There are lovely left turns too. “Smiling At Strangers On Trains,” the oldest song of the night, is stripped right back, and hearing a Million Dead song in this context feels special. “Casanova Lament” is so old, Turner says, that he had to practise it, while “Thatcher Fucked The Kids” remains as furious and gloriously unsubtle as ever, the whole room more than happy to spit back its message. “Be More Kind” inevitably raises the question of whether kindness is enough in 2026, but Turner’s answer seems to be that even if the world is ugly, you do not sink to its level.
“I Knew Prufrock Before He Got Famous” carries its own weight for me. I first saw Turner play it in February 2009, a week or two after my mum died, when he was opening for The Gaslight Anthem at the old Academy. Some songs never leave you. Others grow with you.

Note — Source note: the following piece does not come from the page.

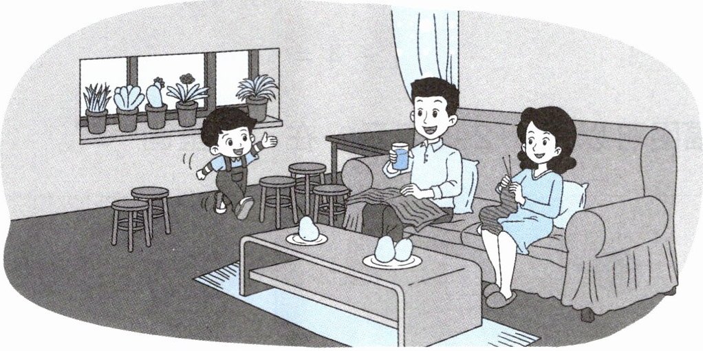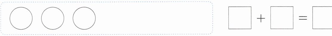 (2)(答案不唯一)桌子上一个盘子里有1个梨,另一个盘子里有2个梨,一共有3个梨。 1+2=3

Turner’s do both.
By the time “Photosynthesis,” “Get Better” and “I Still Believe” roll around, the point is obvious. A great song always translates, whatever the format, and Frank Turner is one of the best. More than that, live, he could probably sing anything he liked and make it sound vital. And then “Polaroid Pictures” closes the night with a deep sense of reflection and community, Turner joined by Katacombs and Dave Hause for a final moment that feels warm, generous and entirely in keeping with the spirit of the evening.